Subscribe to the Non-Human & AI Identity Journal

How should security teams govern AI assistants that can access files and APIs?

Treat each assistant as a non-human identity with explicit owners, least privilege, and a documented lifecycle. Then review every file, API, and memory path it can reach. If a capability is not required for the business task, remove it. Governance only works when the assistant’s identity boundary is narrower than the data it can touch.

Why This Matters for Security Teams

AI assistants that can read files, call APIs, and retain memory are not just chat interfaces. They operate like non-human identities with execution authority, which means their risk profile depends on what they can reach, not just what prompt they receive. Current guidance suggests treating these assistants as governed workloads, with explicit ownership, least privilege, and reviewable boundaries across data, secrets, and tool access. That aligns with the broader NHI governance posture described in the Ultimate Guide to NHIs and the access-control concerns highlighted in the OWASP Non-Human Identity Top 10.

The practical issue is that assistants can chain tools, preserve context, and reuse credentials in ways a human user never would. A file read can become an API write, then a memory write, then an exfiltration path. Security teams should therefore govern the whole action surface: identity, data scope, external connectors, and revocation. In practice, many security teams encounter unauthorized data reach only after an assistant has already indexed sensitive files or invoked an overbroad API permission, rather than through intentional design review.

How It Works in Practice

Start by defining the assistant as a distinct NHI with a named owner, approved use case, and a lifecycle that includes provisioning, review, rotation, and retirement. Then reduce standing access and issue just enough privilege for the task at hand. For assistant workloads, that often means short-lived tokens, scoped API grants, and tightly controlled file system paths rather than broad user impersonation. The Lifecycle Processes for Managing NHIs section of the Ultimate Guide to NHIs is a useful reference for building that operational discipline.
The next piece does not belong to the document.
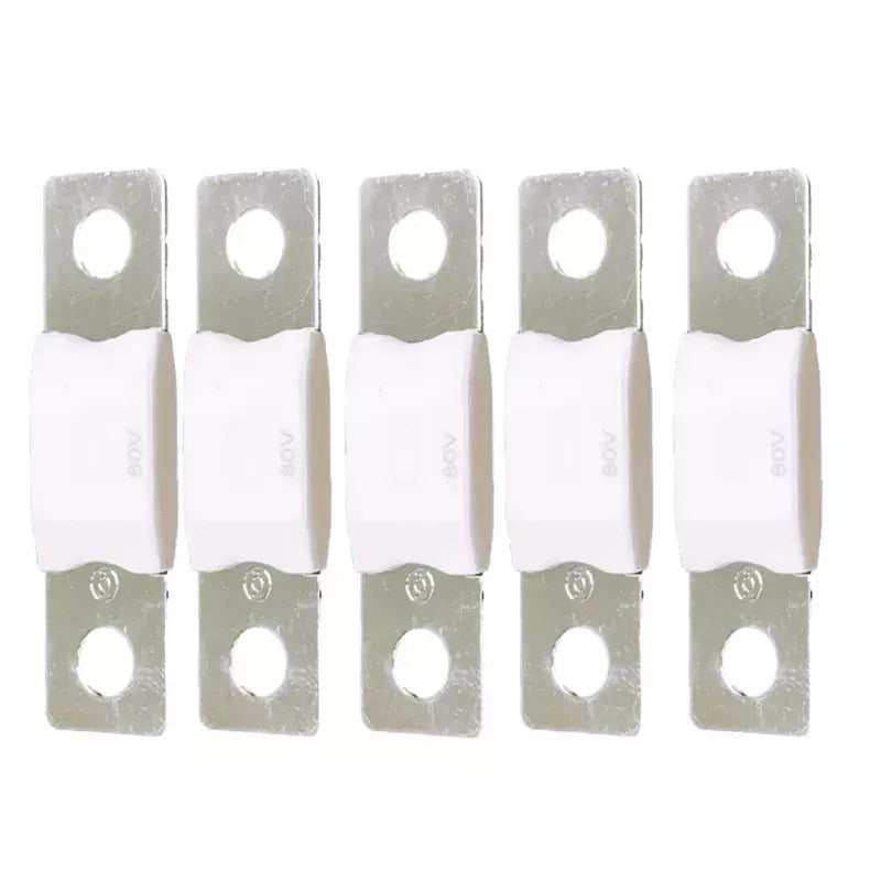 Säkringen har ett lågt spänningsfall och ett kallt motstånd på 0,5 mΩ, vilket säkerställer en energieffektiv drift med minimal förlust av elektrisk energi. Den är särskilt lämplig för applikationer såsom växelriktare, stora batteribanker och elektriska distributionssystem i kommersiella fordon och båtar.

For agents and assistants, static RBAC often becomes too blunt. It grants access based on role, but the assistant’s behavior is goal-driven and can change with context. Current best practice is evolving toward runtime policy checks, where the system evaluates what the assistant is trying to do, on which resource, with which context, before granting access. That approach fits the direction of the NIST Cybersecurity Framework 2.0 and the governance expectations in the NIST Cybersecurity Framework 2.0. If the assistant needs credentials, prefer just-in-time issuance and automatic revocation, and treat memory stores as sensitive persistence layers rather than harmless chat history. For exposed credential risk patterns, see LLMjacking: How Attackers Hijack AI Using Compromised NHIs and the DeepSeek breach.
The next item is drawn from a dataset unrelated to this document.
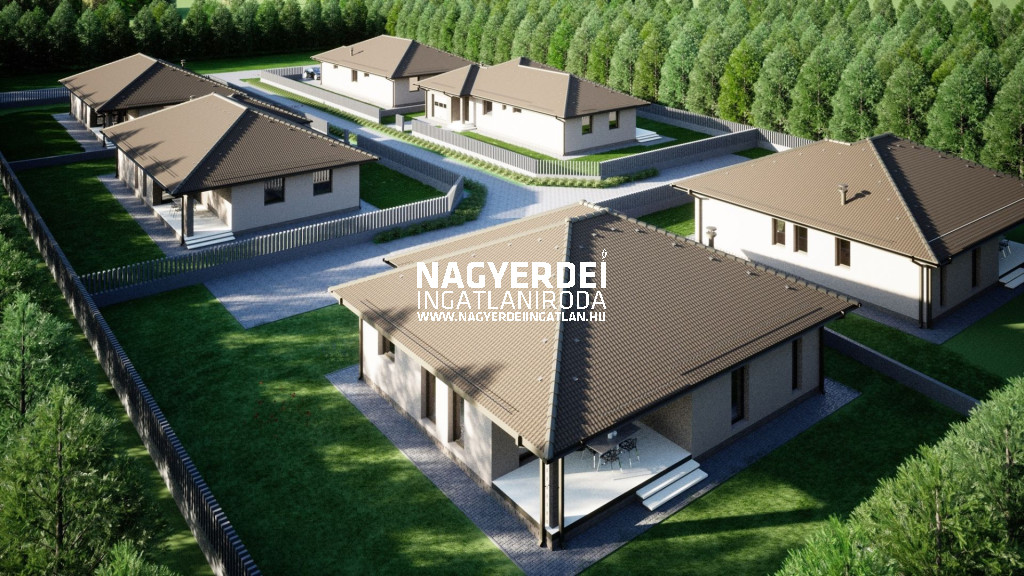 Júliakert csendes részén új építésű, modern családi ház eladó.Földszintes kialakítású, kiváló elosztással és korszerű műszaki tartalommal, 607 nm-es telken amerikai konyhás nappali, kamra, négy hálószoba, külön fürdő és WC, fedett terasz, garázs kerül kialakításra 139,44 nm-en.

  • Bind each assistant to a workload identity, not a shared human account.
  • Issue ephemeral secrets with narrow scope and short TTLs for each task.
  • Log every file read, API call, tool handoff, and memory write as an access event.
  • Revoke access automatically when the task ends or the context changes.

These controls tend to break down in environments with legacy app impersonation, long-lived service keys, or tools that cannot evaluate policy at request time because the assistant then inherits broad access it cannot safely constrain.

Common Variations and Edge Cases

Tighter control often increases operational overhead, requiring organisations to balance safety against developer speed and assistant usefulness. That tradeoff is especially visible when assistants need to work across SaaS platforms, internal file shares, and APIs that do not support fine-grained scoping. There is no universal standard for this yet, so current guidance suggests prioritising the highest-risk paths first: secrets, write actions, external sharing, and privileged admin workflows.

One edge case is memory. A short-term context window is not the same as a durable data store, but once memory is persisted it becomes governed data and should be reviewed like any other repository of sensitive content. Another edge case is delegated access through OAuth or connector frameworks, where the assistant may appear to be acting within a user session while actually retaining broader access than the business task requires. That is why the visibility issues described in The State of Non-Human Identity Security matter here, and why the 52 NHI Breaches Analysis remains relevant to AI assistant governance.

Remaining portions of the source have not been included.